Gigabyte's 8N-SLI Royal uses a full 30x30cm ATX PCB with 6 layers. Boards are now starting to get bigger due to complex memory trace routes, additional onboard controllers and various other components that get added all needing trace routing, and with that comes the need for a clean signal. If we had too little PCB, we'd end up with crosstalk across the components, and end up with a very expansive paperweight.
In all the layout of the board is pretty clean apart from the location of the 12v CPU voltage power connector.
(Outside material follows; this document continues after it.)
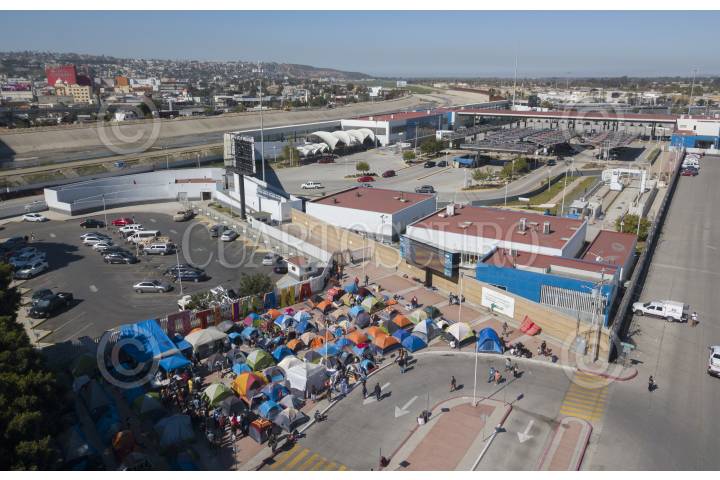 TIJUANA, BAJA CALIFORNIA, 02MARZO2021.- Decenas de migrantes haitianos y centroamericanos que se encuentran instalados en la garita de “El Chaparral” marcharon a la garita Internacional de San Ysidro con el objetivo de que sean escuchados y atendidos por las autoridades de Estados Unidos respecto al asilo político, esto debido a la situación crítica que viven en sus países de origen. Los migrantes han comentado que no se detendrán en sus manifestaciones hasta que se tomen cartas en el asunto por parte de Estados Unidos. Agentes del CBP (Oficina de Aduanas y Protección Fronteriza ) instalaron un fuerte operativo en la entrada del cruce fronterizo para para evitar que los migrantes ingresen al país. FOTO: OMAR MARTÍNEZ /CUARTOSCURO.COM

This, once again is located between the Northbridge and the I/O ports on the back, leaving the power cable to be routed either around or over the CPU heatsink, restricting air flow, and with a Pentium 4 CPU, you need as much air flow as possible.
The rest of the board is quite neat with the memory slots colour coded for easy bank identification, just match colour for colour and you are home free. The 24-pin ATX power connector is located behind the DIMM sockets along with the two IDE controllers from the Southbridge. A third IDE port is located just below the Southbridge IDE ports and is angled at 90 degrees to the board - this is a separate IDE port and will get to this later on in the article.
The CPU uses a 4 phase onboard voltage regulation system to keep the CPU as stable as possible. You may notice the orange expansion slot. This is used to add a VRM (or Voltage Regulation Module) which adds an extra 4 phases to the equation, so when overclocking you can expect a cleaner voltage signal.
The rear I/O panel gives you all the connectors you will need to get started. On the back is two PS/2 ports for Keyboard and Mouse, two SPIDF ports, one RCA and one Toslink. One parallel and one serial port are provided as legacy, though there are little use for them now as USB is here. Two RJ-45 LAN ports are provided atop a stack of USB towers giving you four USB ports on the back and the remaining six needs to be setup with PCI riser brackets. Lastly you have the analogue stereo jacks for speakers up to 7.1 configurations.
Expansion slots on this board resemble a standard SLI setup. There are two PCI Express x16 slots, one blue and one black. When in single graphics mode, the blue slot has all 16 PCI Express lanes routed to it. When in SLI mode, the black slot is changed from an x1 slot to an x8 slot to allow SLI operation.
Two PCI Express x1 slots are provided for future PCI-E expansion as well as two PCI slots for any devices you wish to migrate. Between the two PCI Express x16 slots is a paddle card. This is used to set Single or SLI graphics operation, Gigabyte doesn't employ an auto switcher.